Problem to work on – Copy out the whole listing exactly as written, leaving the pictures behind.

Collected data –

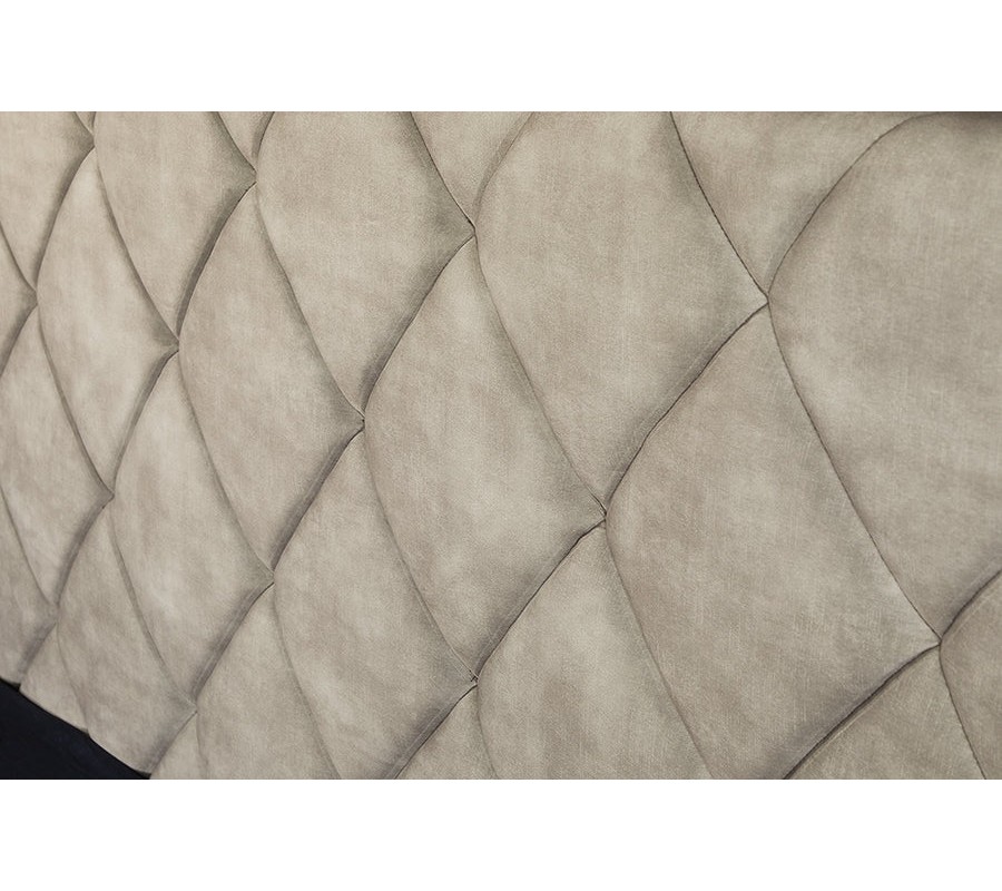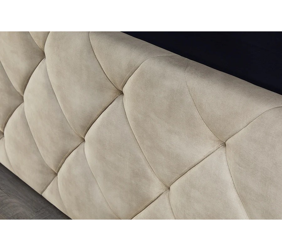 Boční části základny jsou čalouněné, s hladkým sametovým potahem. Ve stejném provedení je vyrobeno i obdélníkové čelo a vyvýšená pata, ale doplňuje je ještě geometrické prošívání s diagonálním diamantovým vzorem. Světlá béžová barva působí elegantním dojmem, zatímco mikrovlákno zaručuje výbornou odolnost vůči vlivům každodenního používání.
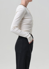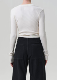The ‘Varra’ is a refined henley crafted from ultra-soft ribbed cotton with supportive stretch. Featuring a close fit and subtle neckline detailing, it’s a modern essential designed to layer or stand alone with ease. This fit is true to size. Looks Like: Off white long sleeve henley Feels Like: Ultra-soft, ultra-supportive organic cotton rib with a hint of stretch that holds the body From our HUMANITY Collection DETAILS Body Length: 21 1/2" Sleeve Length: 24 1/2" Model is 5'10" and wearing a size Small Fabric Content: 49% Organic Cotton 49% Tencel Lyocell 2% Spandex Care Instructions: Machine wash cold inside out with like colors. Do not bleach. Tumble dry low. Made in USA with imported materials 9400-3004_PMINA
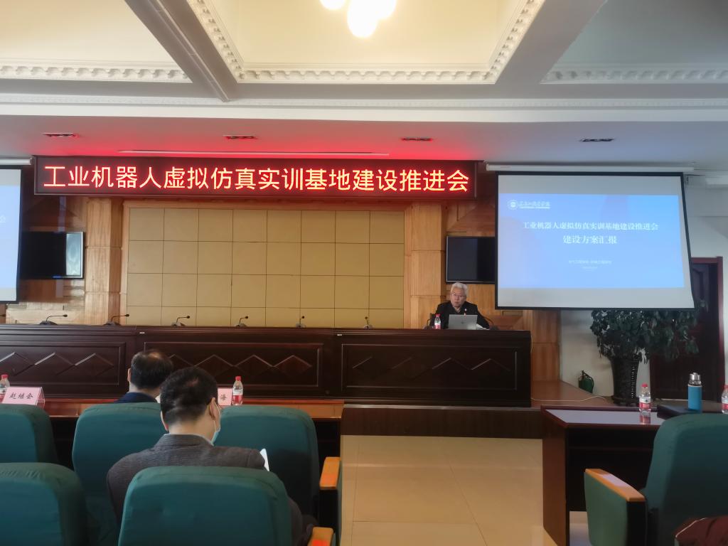 12月14日,学校在经济报告厅召开工业机器人虚拟仿真实训基地建设推进会,学校党委书记赵继会、校长王利文、副校长王明海,教务处长王广文、教务处副处长李立、电气工程学院院长敖冰峰、哈工大国家机器人创新中心有限公司院长刘伟、教授孙博、教授孙思雨以及工业机器人技术教研室全体老师参加会议,会议由王明海校长主持。

Your solution –
 Boční části základny jsou čalouněné, s hladkým sametovým potahem. Ve stejném provedení je vyrobeno i obdélníkové čelo a vyvýšená pata, ale doplňuje je ještě geometrické prošívání s diagonálním diamantovým vzorem. Světlá béžová barva působí elegantním dojmem, zatímco mikrovlákno zaručuje výbornou odolnost vůči vlivům každodenního používání.
The ‘Varra’ is a refined henley crafted from ultra-soft ribbed cotton with supportive stretch. Featuring a close fit and subtle neckline detailing, it’s a modern essential designed to layer or stand alone with ease. This fit is true to size. Looks Like: Off white long sleeve henley Feels Like: Ultra-soft, ultra-supportive organic cotton rib with a hint of stretch that holds the body From our HUMANITY Collection DETAILS Body Length: 21 1/2" Sleeve Length: 24 1/2" Model is 5'10" and wearing a size Small Fabric Content: 49% Organic Cotton 49% Tencel Lyocell 2% Spandex Care Instructions: Machine wash cold inside out with like colors. Do not bleach. Tumble dry low. Made in USA with imported materials 9400-3004_PMINA
 12月14日,学校在经济报告厅召开工业机器人虚拟仿真实训基地建设推进会,学校党委书记赵继会、校长王利文、副校长王明海,教务处长王广文、教务处副处长李立、电气工程学院院长敖冰峰、哈工大国家机器人创新中心有限公司院长刘伟、教授孙博、教授孙思雨以及工业机器人技术教研室全体老师参加会议,会议由王明海校长主持。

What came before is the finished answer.